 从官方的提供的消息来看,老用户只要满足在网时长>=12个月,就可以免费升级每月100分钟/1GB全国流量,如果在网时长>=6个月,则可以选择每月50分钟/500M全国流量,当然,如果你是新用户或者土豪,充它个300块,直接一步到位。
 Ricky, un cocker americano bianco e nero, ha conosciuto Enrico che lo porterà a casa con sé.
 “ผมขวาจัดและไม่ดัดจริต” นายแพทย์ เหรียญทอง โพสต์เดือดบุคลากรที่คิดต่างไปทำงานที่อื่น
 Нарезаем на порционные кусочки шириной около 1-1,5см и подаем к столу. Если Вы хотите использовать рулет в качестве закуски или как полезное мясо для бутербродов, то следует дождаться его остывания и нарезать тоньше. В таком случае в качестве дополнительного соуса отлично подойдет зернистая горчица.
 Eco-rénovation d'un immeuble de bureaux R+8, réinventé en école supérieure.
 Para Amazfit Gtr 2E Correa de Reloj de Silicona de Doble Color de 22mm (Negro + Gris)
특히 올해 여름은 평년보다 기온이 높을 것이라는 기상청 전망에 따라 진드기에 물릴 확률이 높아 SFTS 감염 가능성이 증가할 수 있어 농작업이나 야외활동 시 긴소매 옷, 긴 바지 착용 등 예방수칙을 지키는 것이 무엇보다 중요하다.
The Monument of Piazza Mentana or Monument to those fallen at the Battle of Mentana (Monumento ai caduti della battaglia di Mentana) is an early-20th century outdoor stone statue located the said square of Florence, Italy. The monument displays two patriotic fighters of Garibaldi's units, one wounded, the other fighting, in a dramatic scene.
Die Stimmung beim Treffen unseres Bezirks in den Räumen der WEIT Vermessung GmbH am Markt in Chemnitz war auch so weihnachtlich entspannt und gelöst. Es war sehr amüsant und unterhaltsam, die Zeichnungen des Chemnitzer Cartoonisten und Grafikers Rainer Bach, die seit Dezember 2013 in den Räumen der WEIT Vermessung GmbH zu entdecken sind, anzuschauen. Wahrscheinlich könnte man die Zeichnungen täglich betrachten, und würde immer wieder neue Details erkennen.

----------

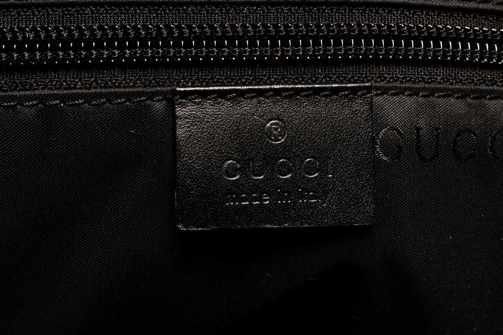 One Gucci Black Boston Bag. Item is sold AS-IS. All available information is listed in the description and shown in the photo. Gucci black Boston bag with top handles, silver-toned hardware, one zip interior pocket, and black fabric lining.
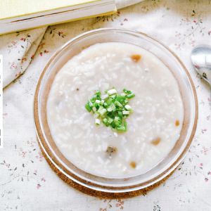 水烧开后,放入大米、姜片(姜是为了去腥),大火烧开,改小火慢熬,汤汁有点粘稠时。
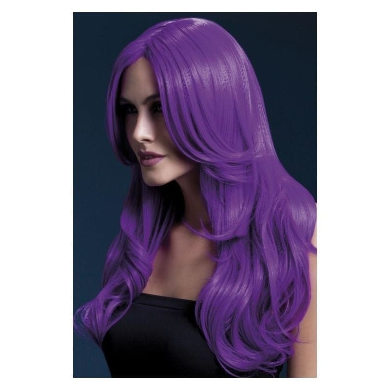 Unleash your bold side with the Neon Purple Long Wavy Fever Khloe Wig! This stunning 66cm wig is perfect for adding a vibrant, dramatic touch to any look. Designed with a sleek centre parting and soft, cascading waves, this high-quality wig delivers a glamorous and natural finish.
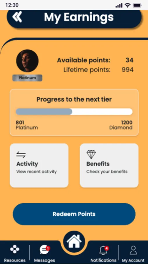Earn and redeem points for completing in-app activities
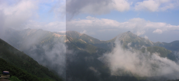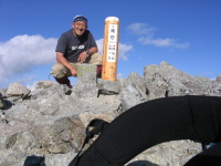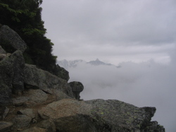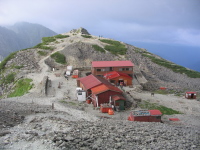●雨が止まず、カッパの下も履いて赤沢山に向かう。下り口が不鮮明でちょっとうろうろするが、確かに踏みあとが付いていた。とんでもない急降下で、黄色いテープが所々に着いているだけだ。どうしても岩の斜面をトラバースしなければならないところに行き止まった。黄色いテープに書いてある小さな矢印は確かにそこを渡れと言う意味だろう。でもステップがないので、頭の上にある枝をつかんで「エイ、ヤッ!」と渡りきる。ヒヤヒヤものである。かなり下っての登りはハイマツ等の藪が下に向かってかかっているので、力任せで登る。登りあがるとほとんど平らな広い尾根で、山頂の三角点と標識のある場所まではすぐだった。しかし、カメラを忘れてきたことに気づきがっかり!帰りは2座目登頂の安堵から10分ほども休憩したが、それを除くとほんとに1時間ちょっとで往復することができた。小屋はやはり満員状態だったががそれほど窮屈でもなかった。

----------

### WHAT TO DO
Please reproduce the lines from the line with "从官方的提供的消息来看,老用" to the line with "특히 올해 여름은 평년보다", both ends included, exactly as they appear above.

### YOUR RESPONSE
 从官方的提供的消息来看,老用户只要满足在网时长>=12个月,就可以免费升级每月100分钟/1GB全国流量,如果在网时长>=6个月,则可以选择每月50分钟/500M全国流量,当然,如果你是新用户或者土豪,充它个300块,直接一步到位。
 Ricky, un cocker americano bianco e nero, ha conosciuto Enrico che lo porterà a casa con sé.
 “ผมขวาจัดและไม่ดัดจริต” นายแพทย์ เหรียญทอง โพสต์เดือดบุคลากรที่คิดต่างไปทำงานที่อื่น
 Нарезаем на порционные кусочки шириной около 1-1,5см и подаем к столу. Если Вы хотите использовать рулет в качестве закуски или как полезное мясо для бутербродов, то следует дождаться его остывания и нарезать тоньше. В таком случае в качестве дополнительного соуса отлично подойдет зернистая горчица.
 Eco-rénovation d'un immeuble de bureaux R+8, réinventé en école supérieure.
 Para Amazfit Gtr 2E Correa de Reloj de Silicona de Doble Color de 22mm (Negro + Gris)
특히 올해 여름은 평년보다 기온이 높을 것이라는 기상청 전망에 따라 진드기에 물릴 확률이 높아 SFTS 감염 가능성이 증가할 수 있어 농작업이나 야외활동 시 긴소매 옷, 긴 바지 착용 등 예방수칙을 지키는 것이 무엇보다 중요하다.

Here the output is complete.